BEGIN

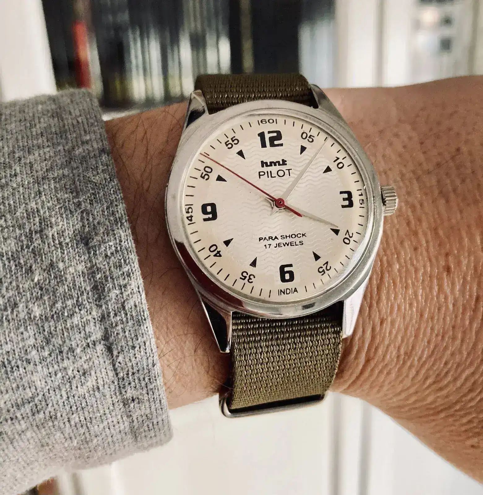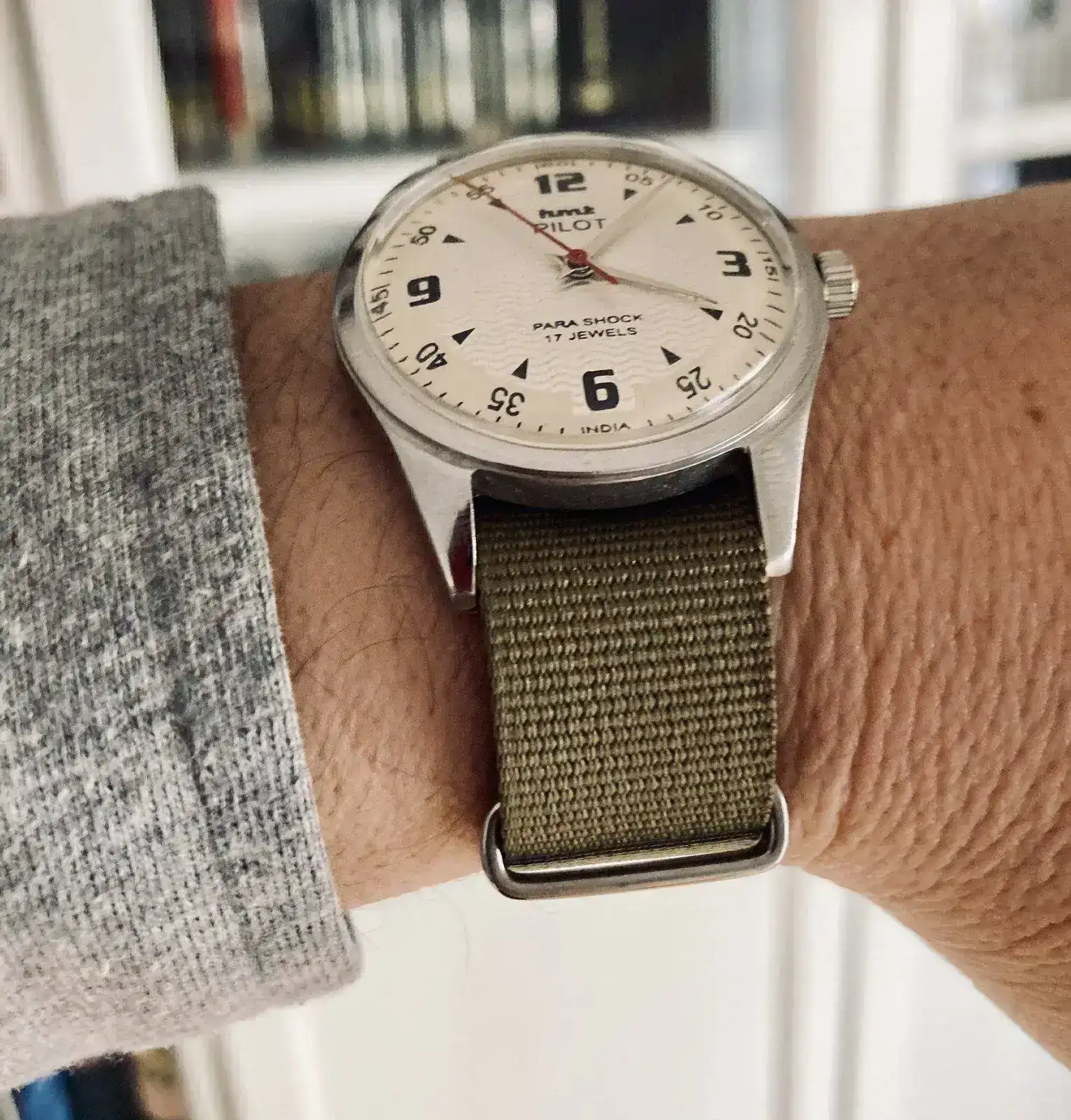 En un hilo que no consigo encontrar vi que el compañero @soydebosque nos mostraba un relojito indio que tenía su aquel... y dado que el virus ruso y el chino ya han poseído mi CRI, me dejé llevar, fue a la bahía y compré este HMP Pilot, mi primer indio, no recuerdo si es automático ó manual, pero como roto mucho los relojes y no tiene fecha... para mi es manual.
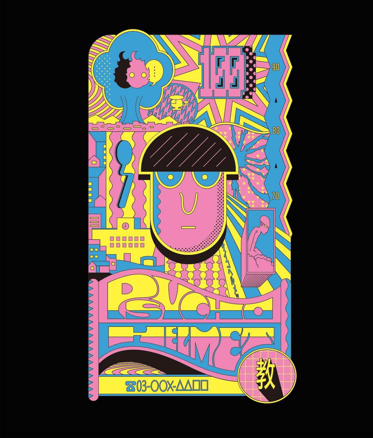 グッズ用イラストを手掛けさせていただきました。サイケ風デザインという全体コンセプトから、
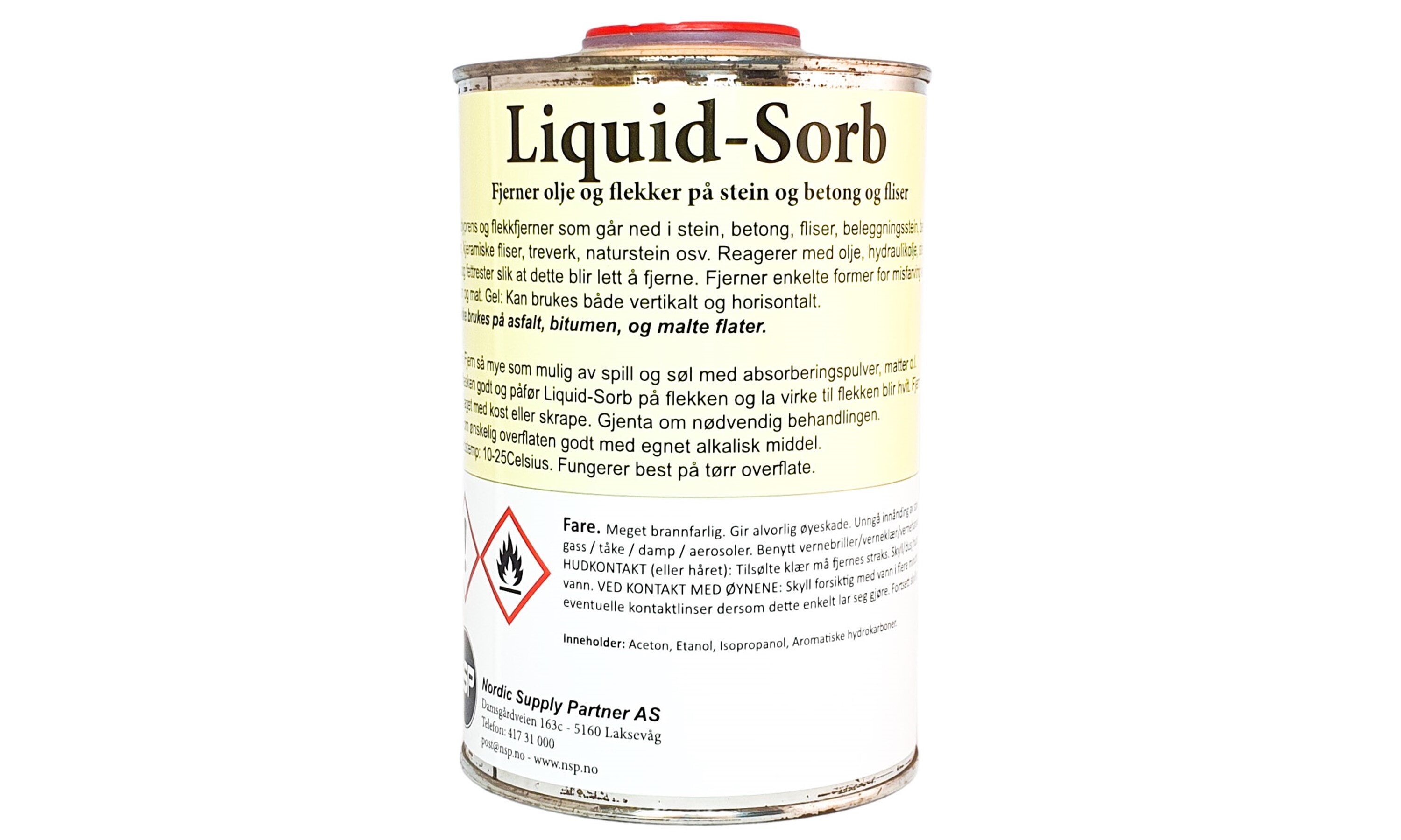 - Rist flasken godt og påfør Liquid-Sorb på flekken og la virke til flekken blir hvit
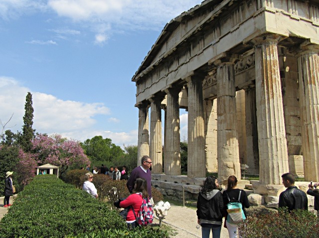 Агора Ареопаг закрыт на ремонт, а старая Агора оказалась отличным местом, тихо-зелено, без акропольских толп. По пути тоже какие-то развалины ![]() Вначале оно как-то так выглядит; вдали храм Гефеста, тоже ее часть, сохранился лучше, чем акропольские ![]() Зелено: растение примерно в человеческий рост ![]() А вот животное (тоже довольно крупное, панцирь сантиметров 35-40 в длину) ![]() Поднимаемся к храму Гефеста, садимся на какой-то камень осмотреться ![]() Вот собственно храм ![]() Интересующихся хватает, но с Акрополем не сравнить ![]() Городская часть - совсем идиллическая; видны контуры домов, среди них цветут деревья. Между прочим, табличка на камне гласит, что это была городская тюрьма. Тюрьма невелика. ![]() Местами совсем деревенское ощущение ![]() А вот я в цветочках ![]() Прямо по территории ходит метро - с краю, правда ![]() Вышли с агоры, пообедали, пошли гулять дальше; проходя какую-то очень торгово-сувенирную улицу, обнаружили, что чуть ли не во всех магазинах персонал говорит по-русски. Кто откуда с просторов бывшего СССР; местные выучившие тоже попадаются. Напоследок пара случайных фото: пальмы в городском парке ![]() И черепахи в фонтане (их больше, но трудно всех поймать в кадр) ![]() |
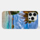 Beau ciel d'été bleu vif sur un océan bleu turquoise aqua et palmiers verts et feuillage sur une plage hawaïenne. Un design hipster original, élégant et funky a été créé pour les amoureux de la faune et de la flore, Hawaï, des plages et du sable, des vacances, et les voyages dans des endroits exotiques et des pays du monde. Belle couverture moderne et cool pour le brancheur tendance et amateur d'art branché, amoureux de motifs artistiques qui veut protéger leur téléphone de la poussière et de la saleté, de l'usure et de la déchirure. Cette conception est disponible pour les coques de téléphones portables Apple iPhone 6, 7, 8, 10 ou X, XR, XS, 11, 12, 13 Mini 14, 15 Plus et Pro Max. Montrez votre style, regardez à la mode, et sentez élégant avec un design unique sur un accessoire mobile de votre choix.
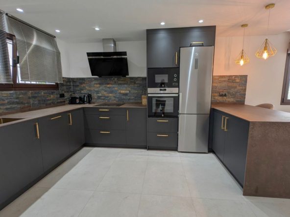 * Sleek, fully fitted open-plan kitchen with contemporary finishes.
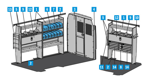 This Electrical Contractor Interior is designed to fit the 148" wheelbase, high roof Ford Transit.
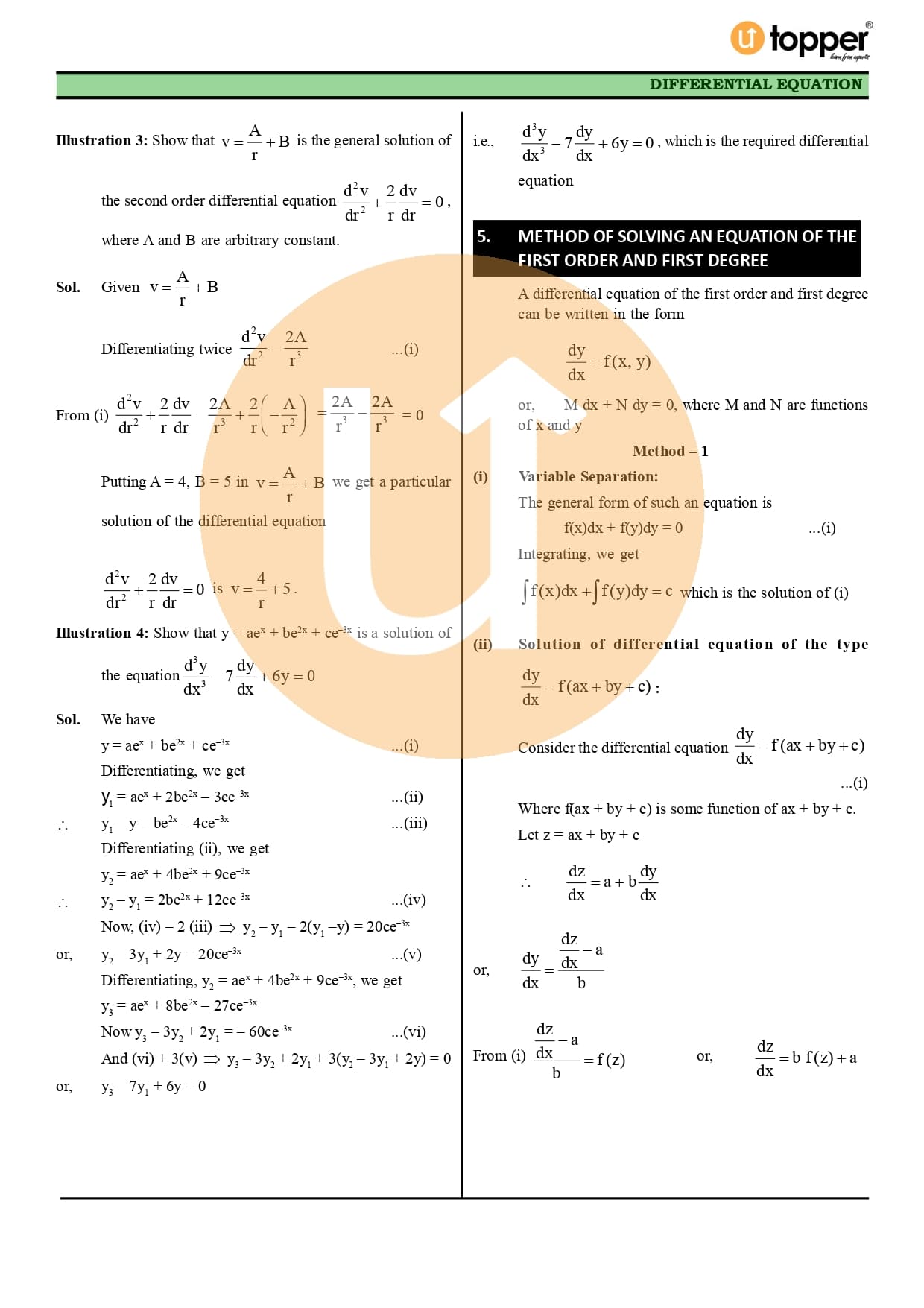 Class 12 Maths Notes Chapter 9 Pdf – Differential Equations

END

_Assignment_
Your answer must be an exact copy of the lines from the start of the entries through the line with "- Rist flasken", with no pictures.

_Reply to the task_
 En un hilo que no consigo encontrar vi que el compañero @soydebosque nos mostraba un relojito indio que tenía su aquel... y dado que el virus ruso y el chino ya han poseído mi CRI, me dejé llevar, fue a la bahía y compré este HMP Pilot, mi primer indio, no recuerdo si es automático ó manual, pero como roto mucho los relojes y no tiene fecha... para mi es manual.
 グッズ用イラストを手掛けさせていただきました。サイケ風デザインという全体コンセプトから、
 - Rist flasken godt og påfør Liquid-Sorb på flekken og la virke til flekken blir hvit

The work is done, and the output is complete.